山下よしき 私は、この提案では保育の質が維持されることにはならないと、もうそのことは既に実際に死亡事故等で明らかになっていると思います。
 日経新聞が、この大阪の提案が参議院選挙の後の臨時国会でもう法案になって出てくるという報道がありましたけれども、これは事実ですか。

石破大臣 そのような事実を政府として決定したことはございません。あくまで保育の質というものを低下させないということが大前提でございます。一方におきまして、待機児童の増加、あるいは保育士の方々、特に潜在保育士の方々が現場に随分と、60人ぐらいでしょうかそれ以上でしょうか、出ていないという状況がございます。

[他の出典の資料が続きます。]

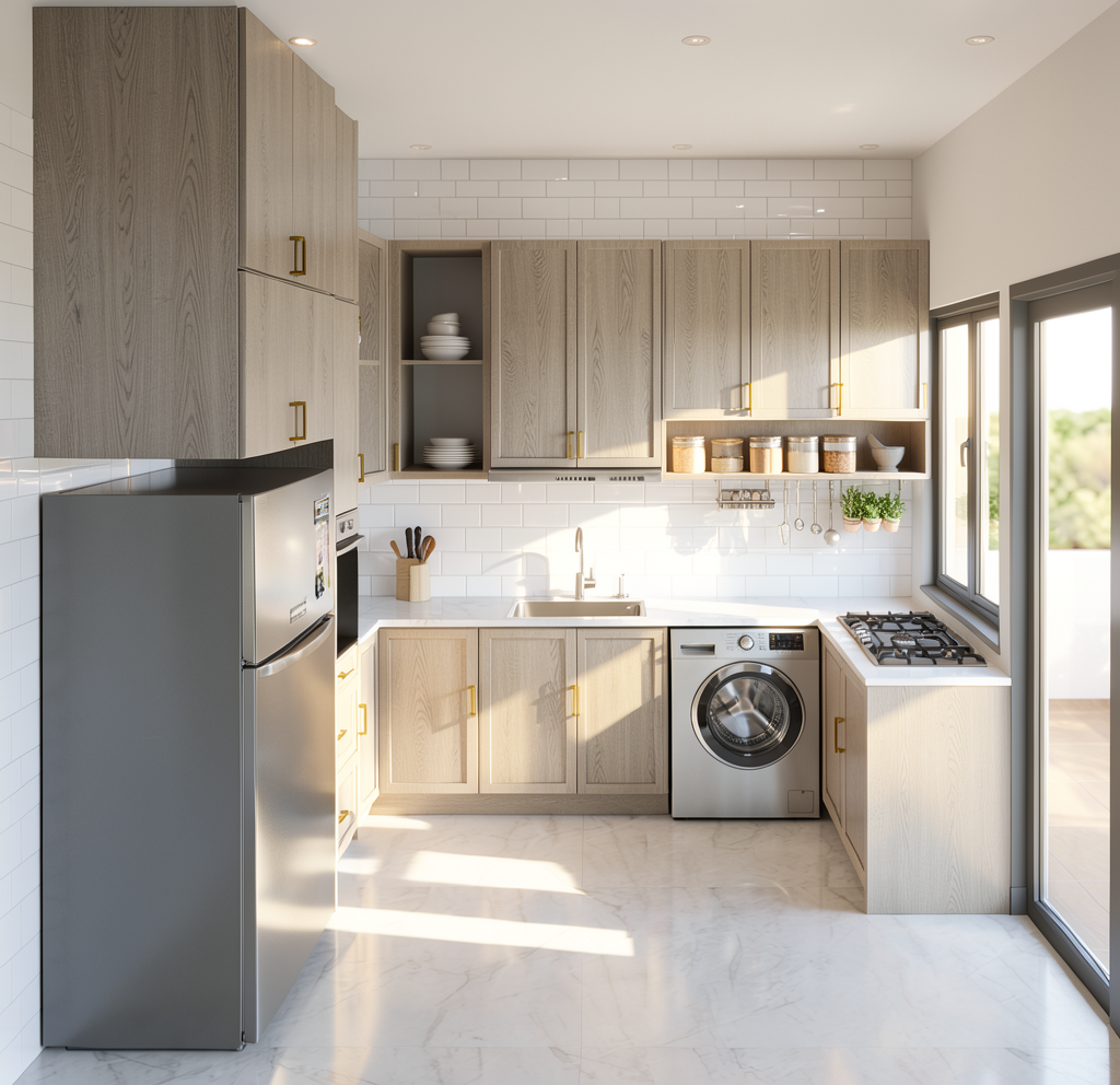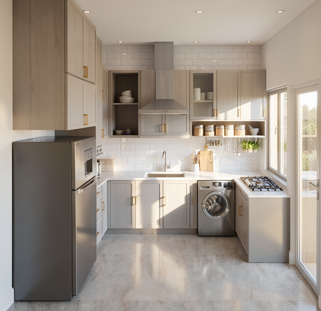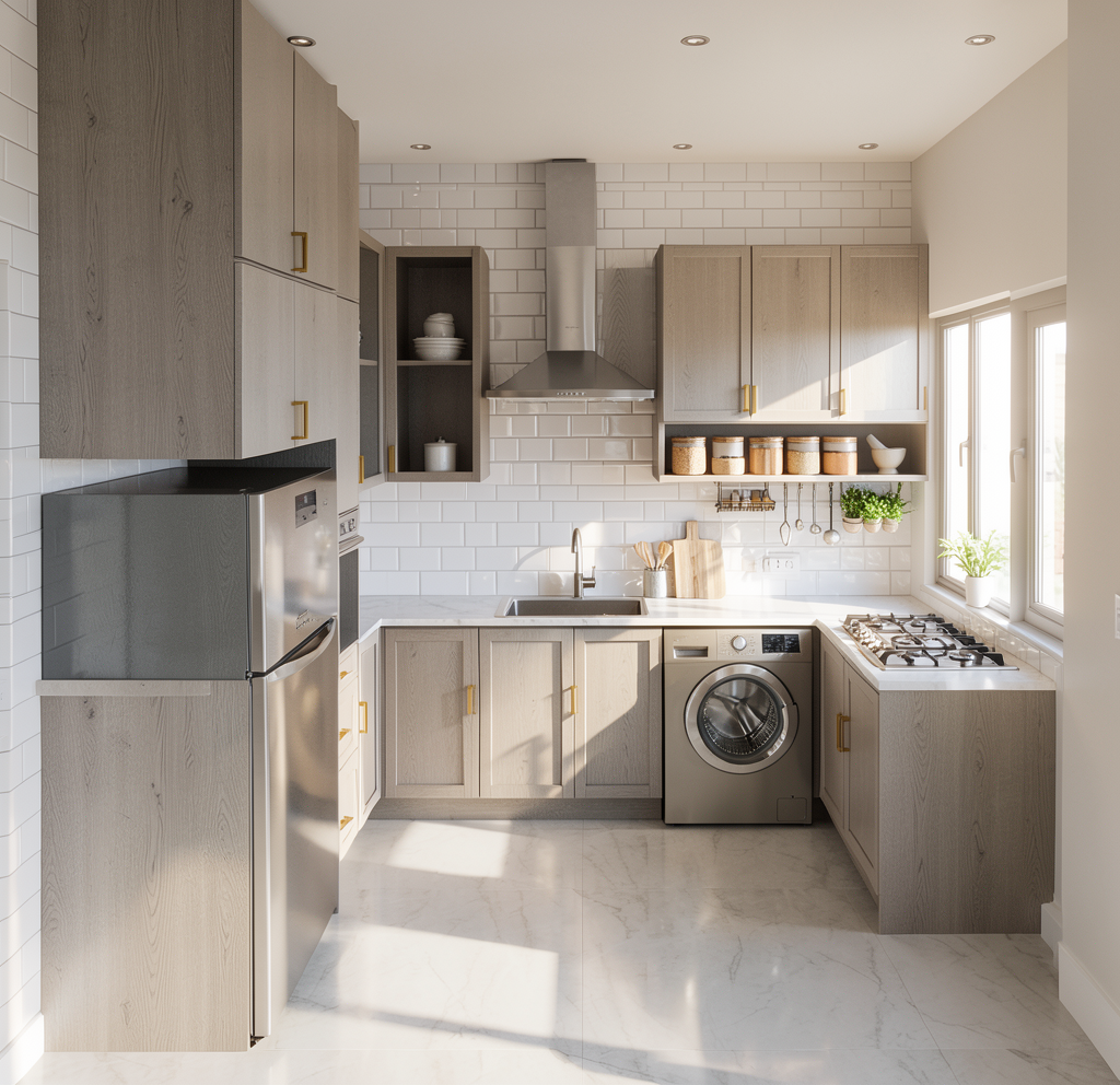 hardwood timber flooring shaker profile cabinetry neutral paint scheme
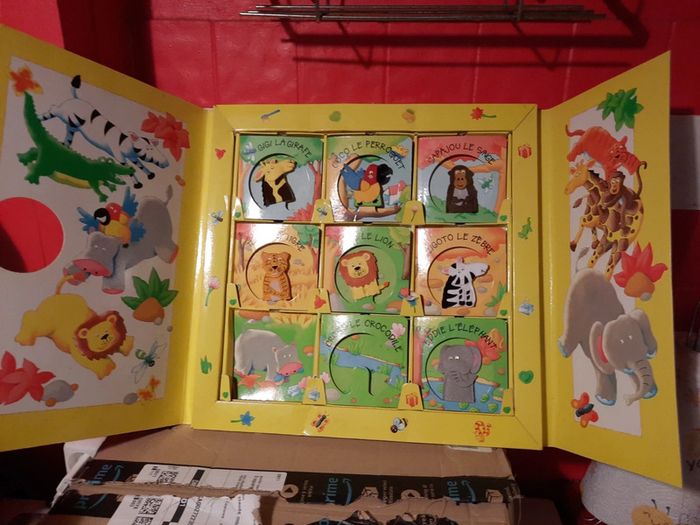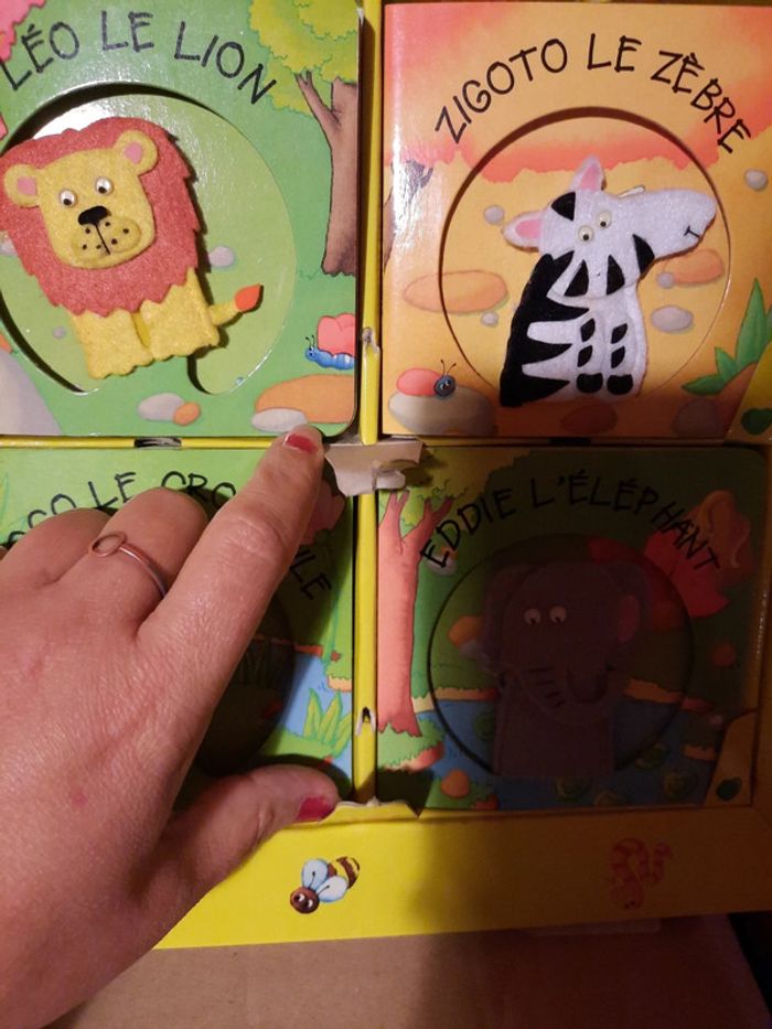Coffret livres marionnettes ⚠️ il manque 1 livre et 1 marionnette (crocodile) Le coffret est satisfaisant mais les livres en très bon état #livreenfantjennycdu76
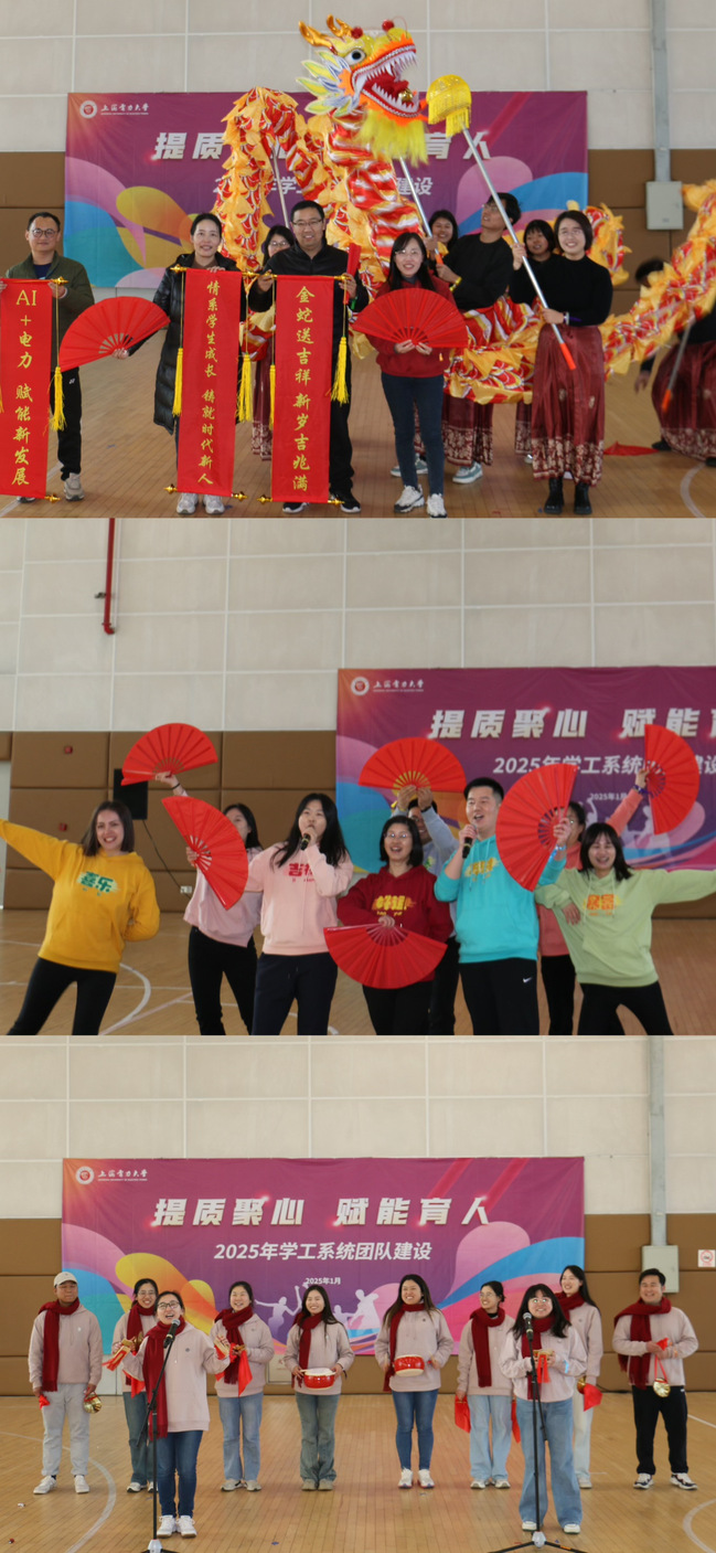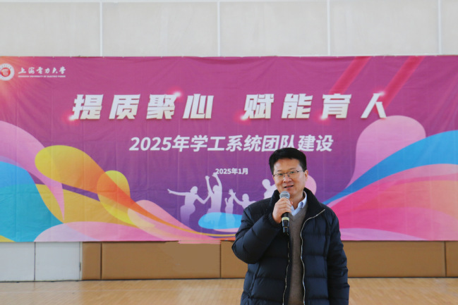為加強我校學生工作隊伍建設,增進學生工作隊伍的凝聚力和戰斗力,提振銳意進取、擔當有為的精神面貌,2025年1月10日下午,我校2025年學工團隊建設活動在臨港校區體育館開展。校黨委副書記、校長顧春華,校黨委副書記、副校長朱克勇出席活動,學生工作部、研究生工作部、團委、各二級學院黨委副書記以及全體專職輔導員等80余名教師參加活動?;顒佑尚F委副書記周長長、學生工作部(處)大學生德育發展中心副主任李雪珂主持。

 そういたしますと、そういうようなことを総合的に考えてみるべきことなのであって、日本経済新聞を私も拝読、拝読というかな、読みましたが、そのような事実は政府として決定したことはございません。

山下よしき 時間参りました。
 待機児童の解消は、言わずもがな、大事なんです。しかし、それは保育の質が保たれてこそですよね。私たちは、やはり認可保育所を増やす、そのためには土地がやっぱり必要ですから、土地さえ提供してもらえば、やりたい人はいっぱいいます。もう八か月で建ちましたという大阪市の新しい保育所も何か所も見ましたけれども、そして保育士の待遇を改善する、そちらの方に国が責任を果たすことこそ本来のあるべき姿だ、そのことを申し上げて、質問を終わります。